The power jack definitely needs resoldering. I've resoldered a couple different laptop power jacks this month alone... One would think they'd start designing them better. It's not difficult if you know how to solder properly, but it's still a royal pain (which is why it costs so much to fix).


----------



## lowt3 (Mar 14, 2005)

Thanks! I found this site that shows you step by step how to take the thing apart. There is still the battery issue though? I hope the new one will fix the problem.
Thanks again.


----------



## MSY-Houston (Dec 5, 2004)

Another user just posted this site. You might see if there's something that could pertain to your problem. You may need to have hardware repaired.
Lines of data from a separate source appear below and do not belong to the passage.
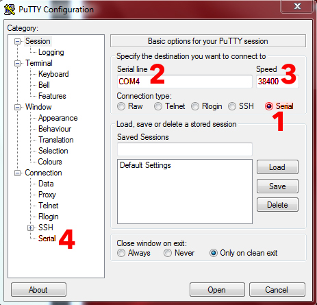 Serial Line: COM4 (el puerto al que he visto que está conectado el conversor USB-UART).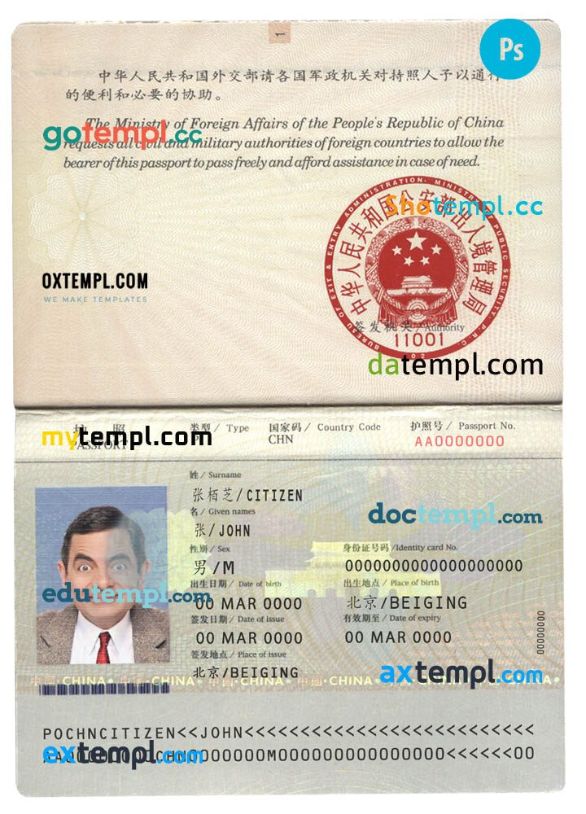 China passport Photoshop template two in one with photo look and scan PSD files, which has a clean design and multi-functional solution.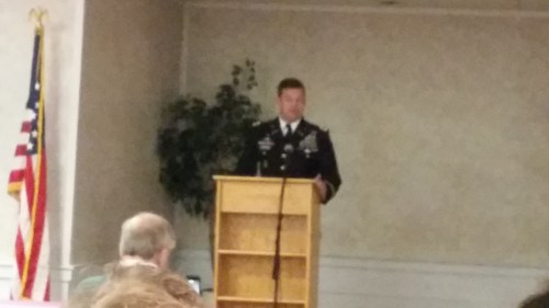 Lt. Cornell Alexander Stephenson gives the Memorial Day address at the Legion this morning. Alex is a1991 graduate of MHS, and the son of David Stephenson, the proud father whose head can be seen in the photo. Alex recalled two of the more than 30 colleagues of his who died in the recent American wars, heros who were like us, except that they gave their lives for the protection of our country’s way of life.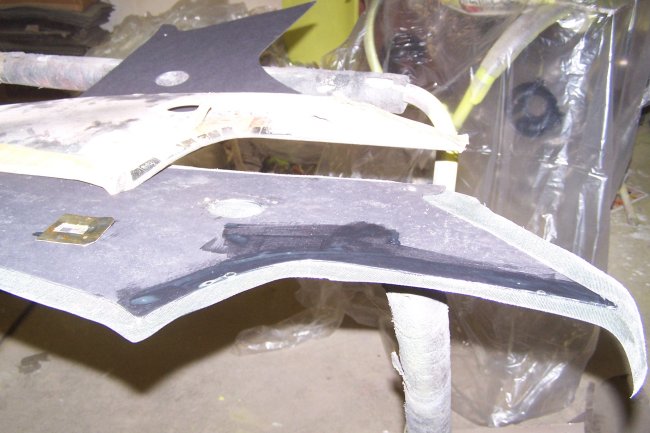 In this picture the LH sailpanel is installed. The panel is glued to the underside of the rear window opening, but not wrapped around the lip. It is glued around the lip by the quarter window however.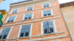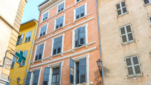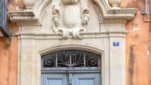 C’est un immeuble qui aurait pu être érigé à Rome, au cœur du Trastevere. Nous sommes à Grasse, face à la place aux Herbes, dans le secteur sauvegardé. Au pied de l’élégante façade orangée, légèrement cuivrée, une imposante porte d’entrée en bois, à double ventail. Elle est surmontée d’un entablement en pierre calcaire, d’un blason et d’un fronton courbe mouluré. De part et d’autre, des piliers toscans. L’influence italienne encore.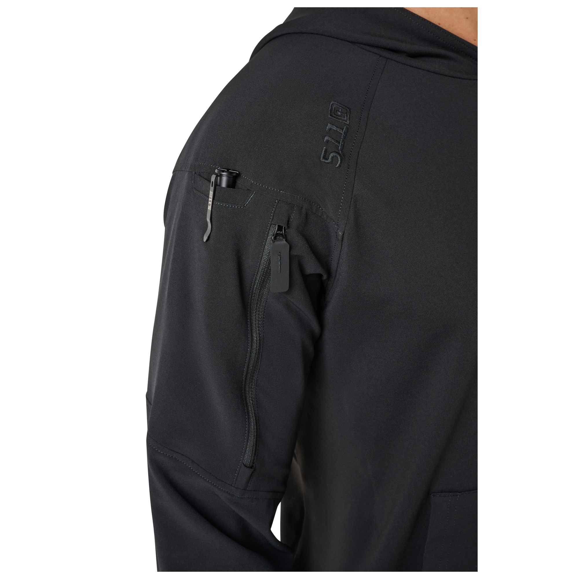 - Almacenamiento seguro diario : el bolsillo tipo canguro y los bolsillos con cremallera en las mangas mantienen lo esencial a mano.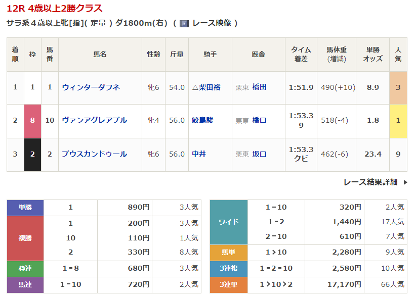 - 4/19【福島12R】4歳以上1勝クラス

You are correct in that the laptop should run when plugged into an A/C source. Not sure what that means, but it might not be just the battery.

http://www.whoopis.com/computer_repair/


----------



## MSY-Houston (Dec 5, 2004)

You also might go to the Apple support site and do a search on the words:

ibook G3 battery

http://www.apple.com/support/


----------



## lowt3 (Mar 14, 2005)

I think I may have a fried logic board? I thoght I read somewhere that apple is doing a recall on some of there older iBook logic boards? I got a new battery and the machine will start and run it just won' charge. Iopened it up and looked at the dc input and none of the soldering looks bad? It won't read that I have it plugged in. I wonder if I did a claen install of OSX if that would fix it. Everything else points to the logic board. Can anyone help?
Thanks!


----------



## lowt3 (Mar 14, 2005)

my iBook won't charge. The light comes on when you plug it in but the control strip doesn't show that it's charging. I am about to blow the damn thing up!! ( But it's a mac and I love it too much )
Please help,


----------



## mgillen (Mar 19, 2005)

it might boot if you remove the battery before you plug it in. my battery was causing the screen to flicker and then freeze up before going black. took it out and it works fine on AC.


----------



## MSY-Houston (Dec 5, 2004)

Good suggestion.

Houston


----------